Is this is correct ? If yes, I would appreciate if someone can explain it to me.

Next, NP Hard :

"A problem L is NP-Hard if and only if satisfiability reduces to L

i.e. SAT < L "

But shouldn't it be L < SAT ? i.e. Reducing L to satisfiability ? Since we reduce L to satisfiability and since satisfiability is a known NP - Complete according to Cook, therefore we can conclude L as a NP-Hard ?

I would appreciate if someone can provide me some examples.

Thank you !

 

[abc.kb]

"A problem L1 reduces to L2 if and only if there is a way to solve L1 by deterministic polynomial time algorithm using a deterministic algorithms that solves L2 in polynomial time"

Is this is correct ? If yes, I would appreciate if someone can explain it to me.

A bit problematic. Here is the corrected version:

"A problem L1 has a polynomial time reduction to L2 if and only if there is a way to solve L1 by deterministic polynomial time algorithm using a deterministic algorithms that solves L2 in polynomial time".

The point is, the reduction should be "polynomial time reduction".


What is "polynomial time reduction" ?
A reduction is "polynomial time reduction" if given as input an instance of a problem of length m, it generates an instance of another problem in time O(m^i). Where i is an integer.

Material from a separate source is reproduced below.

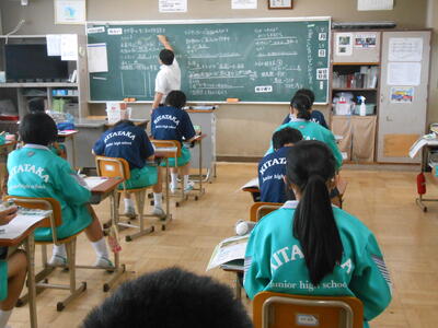 2年1組 統計上、問題に対して無回答の生徒は成績が向上しずらいとのこと。間違ってもいいから最後まで諦めず問題を解いてほしいですね。

Remember that, when given an instance of a problem of length m, if the reduction takes time at most m^i for some integer i, then the output instance can't be longer than c.m^i for some constant c. When reducing a problem A to another problem B, to show B is at least as hard as A, always remember to use polynomial time reduction, otherwise you will possibly end up with a wrong conclusion. To know why, see section 10.1.5 of Hopcroft, Motwani, Ullman.

"A problem L is NP-Hard if and only if satisfiability reduces to L i.e. SAT < L "

^Correct.

But shouldn't it be L < SAT ? i.e. Reducing L to satisfiability ? Since we reduce L to satisfiability and since satisfiability is a known NP - Complete according to Cook, therefore we can conclude L as a NP-Hard ?

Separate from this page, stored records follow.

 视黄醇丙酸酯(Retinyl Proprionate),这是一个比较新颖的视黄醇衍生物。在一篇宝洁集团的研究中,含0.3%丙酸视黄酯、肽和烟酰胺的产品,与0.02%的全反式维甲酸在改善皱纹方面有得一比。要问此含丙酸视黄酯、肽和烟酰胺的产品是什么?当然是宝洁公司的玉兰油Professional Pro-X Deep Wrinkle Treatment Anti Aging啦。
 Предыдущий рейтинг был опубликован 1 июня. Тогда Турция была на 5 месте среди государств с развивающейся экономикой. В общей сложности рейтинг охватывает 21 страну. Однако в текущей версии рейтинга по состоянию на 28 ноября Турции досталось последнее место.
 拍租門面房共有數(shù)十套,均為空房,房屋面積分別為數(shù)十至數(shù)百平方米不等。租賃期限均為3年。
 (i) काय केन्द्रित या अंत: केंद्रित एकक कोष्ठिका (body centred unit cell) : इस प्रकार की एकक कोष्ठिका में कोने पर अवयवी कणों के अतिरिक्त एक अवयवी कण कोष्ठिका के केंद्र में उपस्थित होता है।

^Wrong. The only way to show some problem P is at least as hard as problem Q is to reduce Q to P. NOT P to Q. In other words, if you reduce(polynomially, of course) a problem A to a problem B, it does not mean A is harder than B. Rather, It means, B is at least as hard as A, that is B is either harder than A or equally hard as A but not easier than A. To prove a problem L is harder than SAT, you have to reduce SAT to L. Reduction of SAT to L is expressed as SAT < L.

 

[abc.kb]

No response in 20 days! I think the op has lost all interests in TOC.

 

[@vi]

LOL, no

I did not get any notification for the first reply. So I didn't check the thread.

Thank you very very much. These following two paragraphs explained easily.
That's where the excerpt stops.